On Thursday, outside a hardware store in suburban Washington, the Republicans unveiled their platform for the midterm election, calling their document A Pledge to America. The prologue was full of traditional Republican boilerplate:
We pledge to advance policies that promote greater liberty, wider opportunity, a robust defense, and national economic prosperity.
We pledge to honor families, traditional marriage, life and the private and faith based organizations that form the core of our American values.
The problem -- as with any political platform -- is that the devil is in the details. And a close reading of "The Pledge" reveals that Republicans, indeed, plan to give the devil his due. Specifically, they propose to:
1. Roll back government spending to pre-stimulus, pre-bailout levels, saving at least $100 billion dollars in the first year alone.
2. Repeal and replace the government take over of health care.
3. Make the Bush tax cuts permanent.
There is a great deal in the document about the tyranny of big government.
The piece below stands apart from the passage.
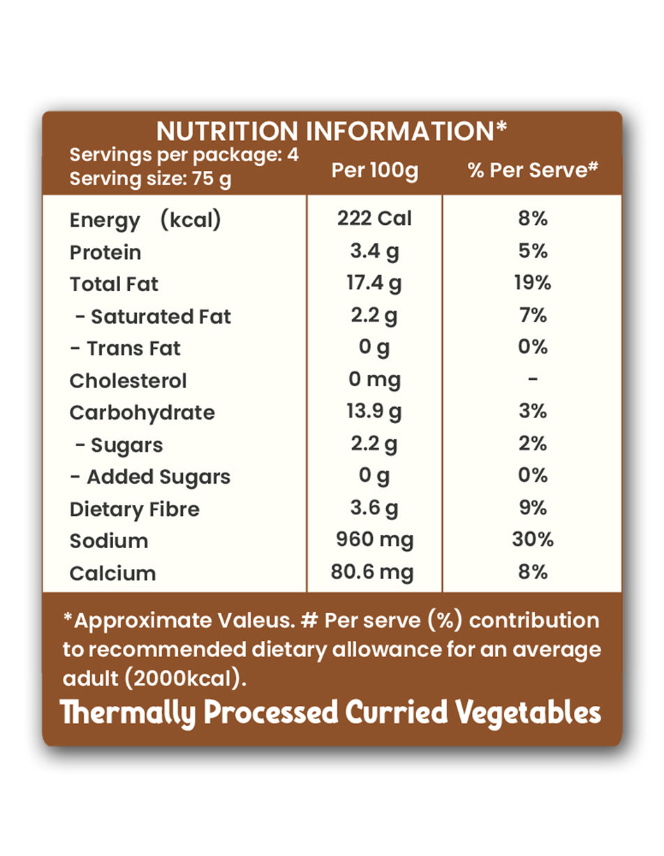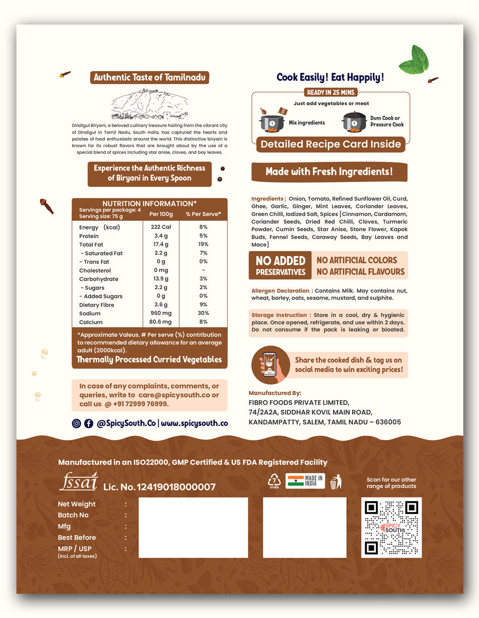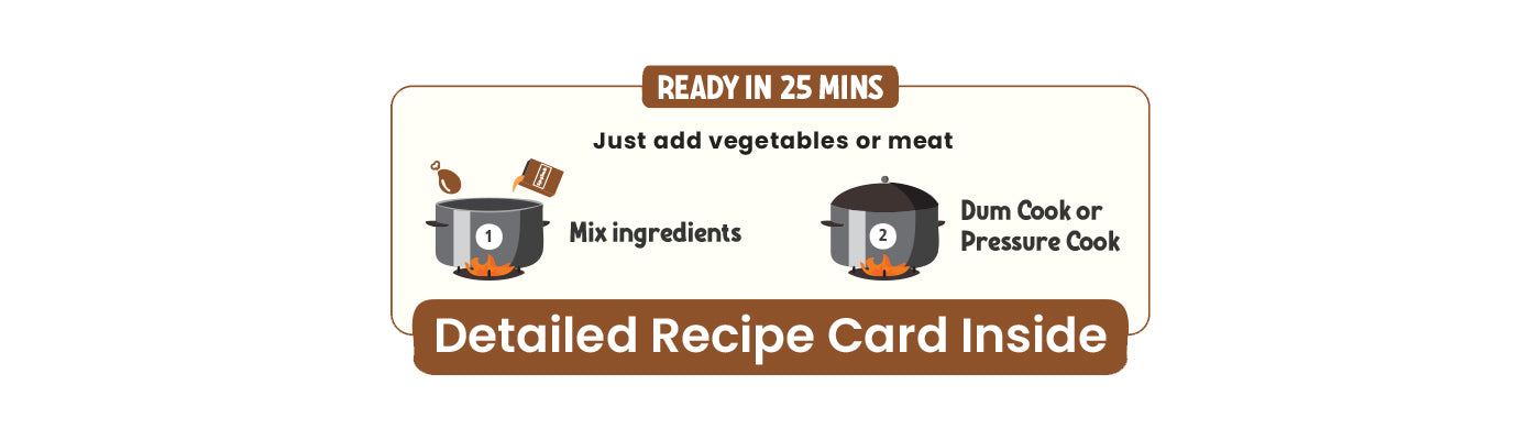 Onion, Tomato, Refined Sunflower Oil, Curd, Ghee, Garlic, Ginger, Mint Leaves, Coriander Leaves, Green Chilli, Iodized Salt, Spices [Cinnamon, Cardamom, Coriander Seeds, Dried Red Chilli, Cloves, Turmeric Powder, Cumin Seeds, Star Anise, Stone Flower, Kapok Buds, Fennel Seeds, Caraway Seeds, Bay Leaves and Mace]

But, as Paul Krugman points out, the Republican platform is essentially a "war on arithmetic:"
The document repeatedly condemns federal debt -- 16 times by my account. But the main substantive policy proposal is to make the Bush tax cuts permanent, which independent estimates say would add $3.7 trillion to the debt over the next decade -- about $700 billion more than the Obama administration's tax proposals.
There is a legitimate argument to be made about when the Bush tax cuts should be phased out. And it bears repeating that the plan was, indeed, to phase them out. But what Republicans really want is to enter a time warp -- to return to a time when the Bush economic program was in place, and when there was no national health insurance program.
However, they want more than that: they want to privatize social security. Taking their cue from former House Leader Dick Armey, a number of Republican candidates now refer to Social Security as a "ponzi scheme." Not only do they want to roll back Obamacare. They want to roll back the New Deal.
Never mind that the financial meltdown of 2008 proved exactly why Social Security should not be privatized. Never mind that Bush's own advisers warned that the cost of administering a private social security program would rise from 0.9% to 5%. That is all minutiae. The real problem, they say, is government.
That was Ronald Reagan's line. We now have thirty years of data on the success of Reagan's experiment. Albert Einstein defined insanity as "doing the same thing over and over again and expecting different results." What "The Pledge" makes clear is that losing the 2008 election has driven the Republican Party crazy.
This entry is cross posted at The Moderate Voice.
4 comments:
The GOP seems to be waging a war not only on arithmetic, but also on logic, ethics,and social responsibility. Oh, and, in certain quarters, the entire enlightenment.
Their wish to return to the past at times looks like a wish to return to the Dark Ages, Chris -- where superstition and prejudice were accepted as dogma.
Err we are talking about the republicans right...for a minute I thought we were talking about Stephen Harper and his bunch of fear mongering bullies!
If he likes the good old USA and their politics so much why the hell doesn't he just move?
An excellent question. It's clear that Harper's inspiration comes from the modern Republican Party.
What's sad is that Harper has no sense of that party's history. I have a hunch that the Republicans who elected Abraham Lincoln would be appalled by what their party has become.
We can only hope that a solid majority of Canadians is appalled by what the modern Conservative Party has become.